▶ **WHAT TO DO**:
Each line below from the "2.用户注册用户首次使用此软" line through the "W piątek odbyły" line, those two included, must be restated word for word; the pictures must not be.

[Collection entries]
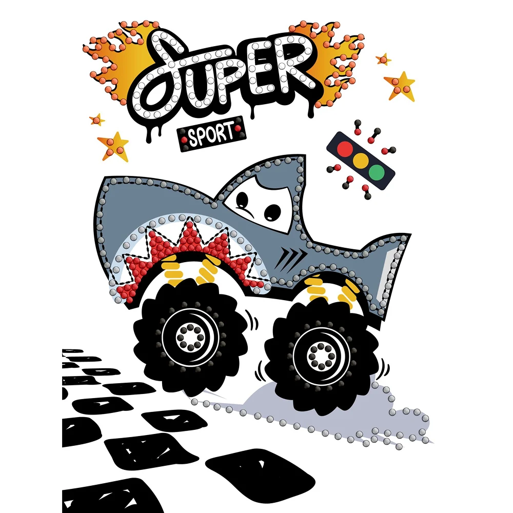 Mozaic cu diamante parțial este un set creativ ideal pentru realizarea unui tablou decorativ cu design original. Modelul cu mașină rechin oferă o activitate interesantă și ușor de realizat, potrivită pentru momente de relaxare și creativitate.
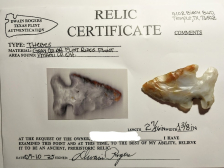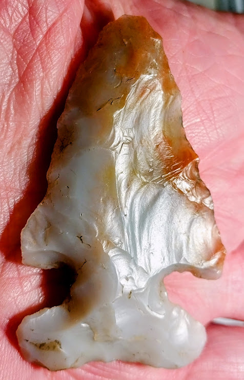 This beautiful Thebes point is made out of colorful, semi-translucent Flint Ridge chert. It was found in Miami Co., Ohio, and comes with a Dwain Rogers COA. They don't come much prettier than this!
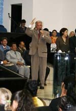 O prefeito Nelson Tureck abriu anteontem à noite, na igreja Assembléia de Deus, a programação em comemoração pelos 60 anos de Campo Mourão (foto). A abertura foi com um culto ecumênico. O prefeito teve direito a discursar para os fiéis. Aí, falou do compromisso de promover a industrialização alimentícia do município. Ah, imagine se iria perder a chance...
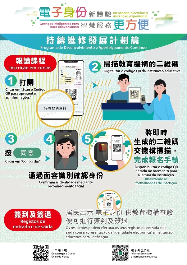 有关《持续进修发展计划》详情,请参阅相关专题网页(https://www.dsedj.gov.mo/pdac/)。更多“电子身份”资讯,请浏览专题网页(https://www.dsi.gov.mo/eid/index.html)。如有查询,请致电身份证明局热线(2837-0777或2837-0888)。
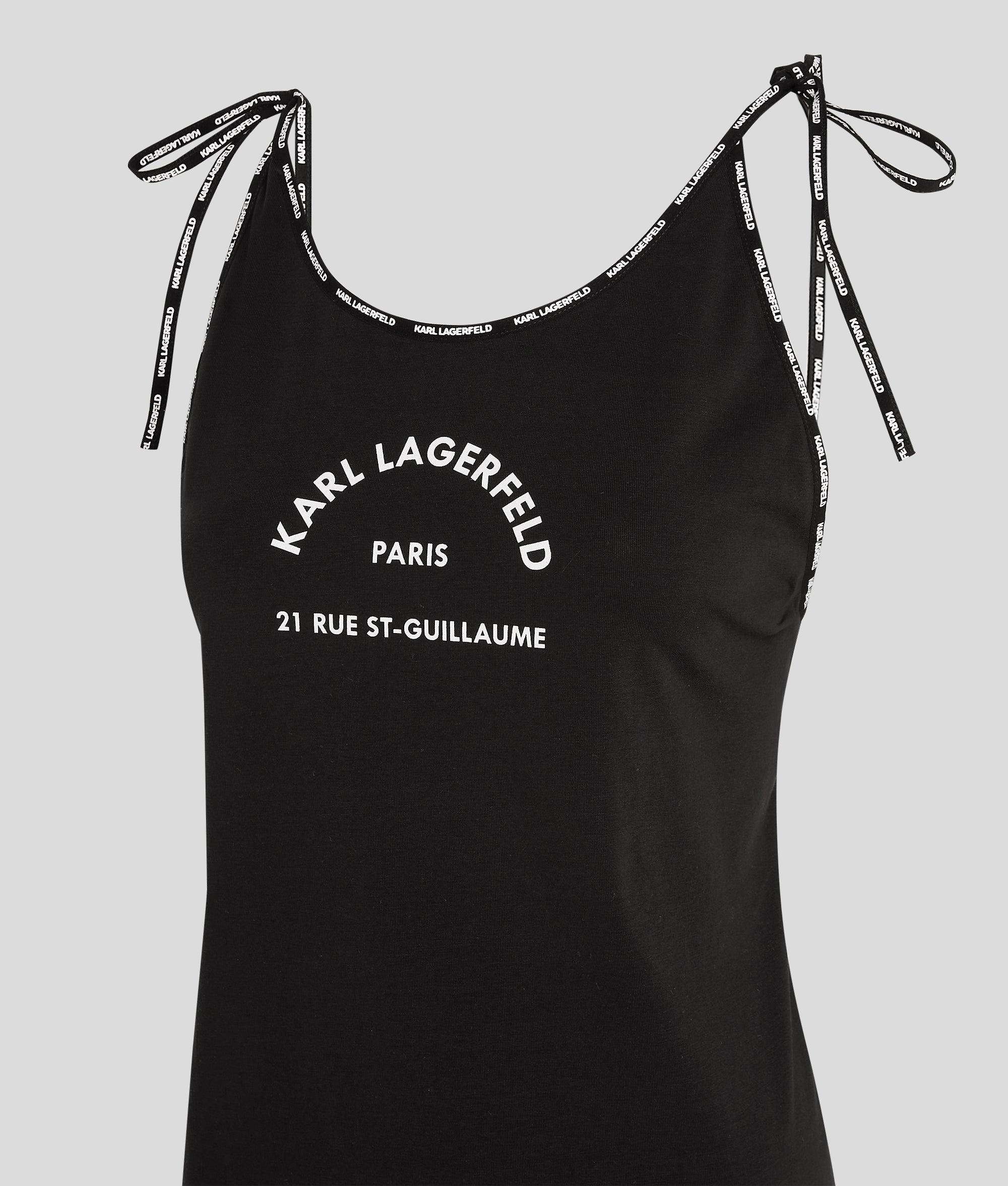 Immergiti nell'essenza dell'estate con questo copricostume in cotone biologico. Il modello corto con scollo rotondo si allinea a uno stile di vita moderno e cosmopolita, mentre le spalline incrociate sulla schiena regolabili aggiungono un tocco allegro ma al tempo stesso sofisticato. Gli accenti con logo KARL lungo le spalline e lo scollo, e il logo Rue St-Guillaume sul petto completano questo capo inconfondibile, confermandone lo status di capo essenziale per il guardaroba e non solo.
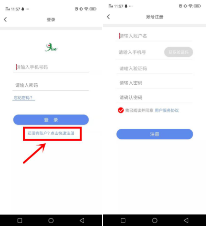 2.用户注册用户首次使用此软件时可用通过以下步骤进行注册:点击进入系统首页→我的→点击上方有登录注册的地方→进入登录界面,登录页面有注册入口
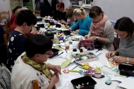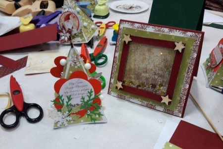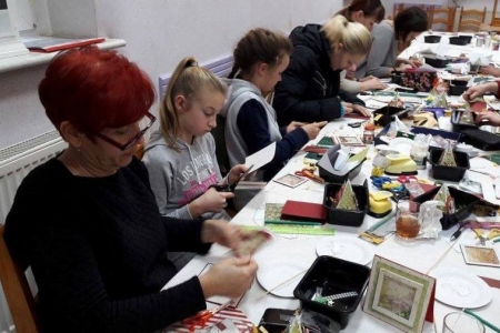 W piątek odbyły się w świetlicy w Łazach Małych warsztaty z tworzenia kartek świątecznych. Wzięło w nich udział 12 osób, zarówno dorośli jak i dzieci. Każdy uczestnik wykonał 2 kartki. Jedną stojącą w kształcie choinki oraz drugą z okienkiem tzw. shaker-box. Wszyscy świetnie się bawili przez trzy godziny i zadowoleni wrócili do domów, oczywiście że swoimi pracami. Warsztaty poprowadziła prezes Stowarzyszenia Aktywne Łazy - Izabela Chaszczewicz
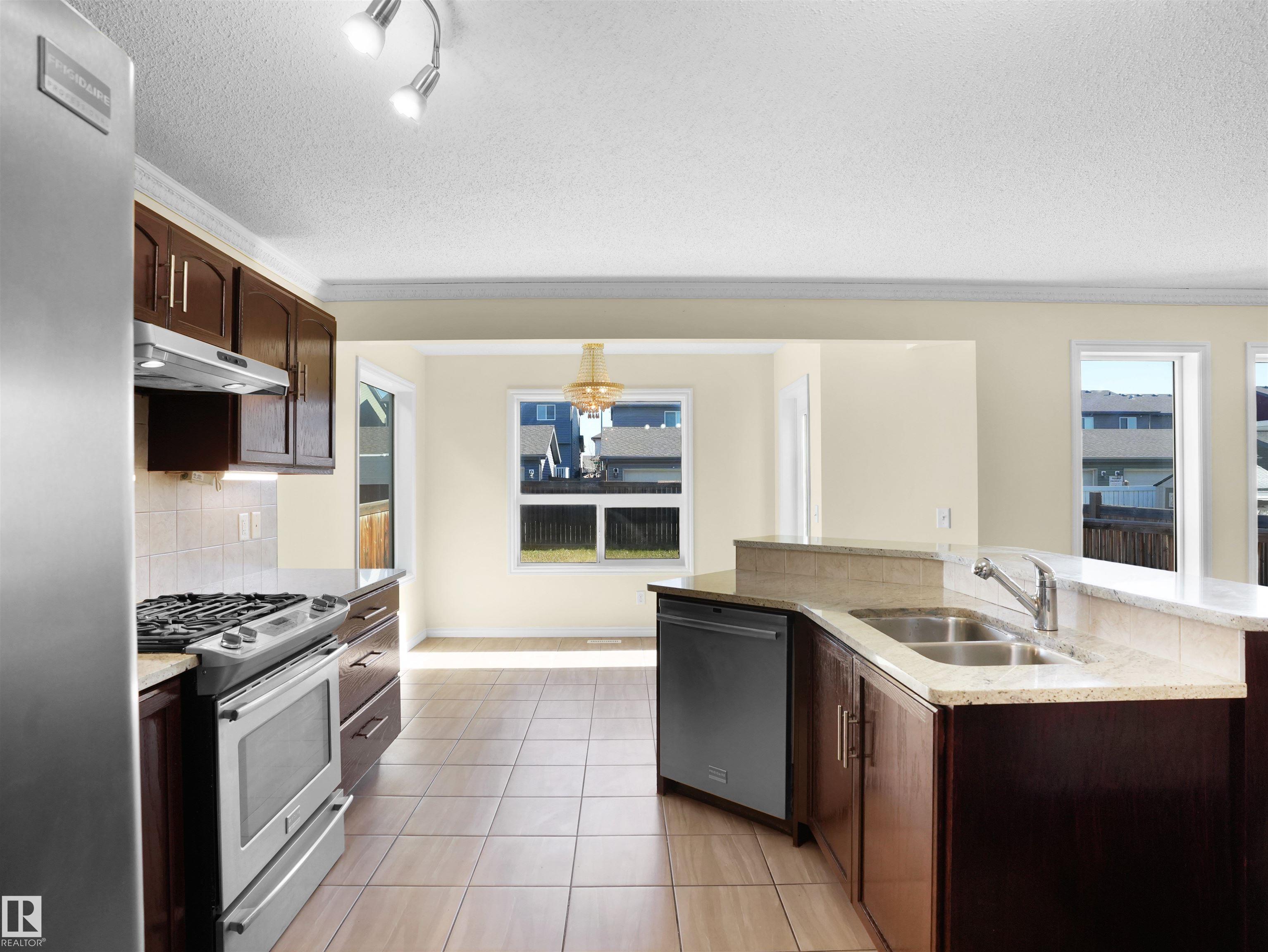 Welcome to Laurel, one of Edmonton?s most sought-after communities ? where comfort meets convenience! This beautiful 2-storey home offers a bright open layout featuring a modern kitchen with stainless steel appliances including a gas stove, island and plenty of cabinetry. The adjoining dining area opens to a deck and landscaped backyard ? ideal for gatherings or quiet evenings. The spacious living room includes a cozy fireplace and large windows overlooking the yard. The mud room includes laundry and a convenient walk-thru pantry closet. Main floor also has laundry and a 2-pc bath. Upstairs, enjoy a generous bonus room, primary suite with 4-pc ensuite that comes with standing shower and soaker tub, plus two additional bedrooms and a full bath. Fully finished basement comes complete with a bedroom, second kitchen, full bath, second laundry & recreation area ? perfect for extended family or guests. Double attached garage adds everyday convenience. Freshly painted. Close to all amenities!

▶ **RESPONSE TO THIS TASK**:
 2.用户注册用户首次使用此软件时可用通过以下步骤进行注册:点击进入系统首页→我的→点击上方有登录注册的地方→进入登录界面,登录页面有注册入口
 W piątek odbyły się w świetlicy w Łazach Małych warsztaty z tworzenia kartek świątecznych. Wzięło w nich udział 12 osób, zarówno dorośli jak i dzieci. Każdy uczestnik wykonał 2 kartki. Jedną stojącą w kształcie choinki oraz drugą z okienkiem tzw. shaker-box. Wszyscy świetnie się bawili przez trzy godziny i zadowoleni wrócili do domów, oczywiście że swoimi pracami. Warsztaty poprowadziła prezes Stowarzyszenia Aktywne Łazy - Izabela Chaszczewicz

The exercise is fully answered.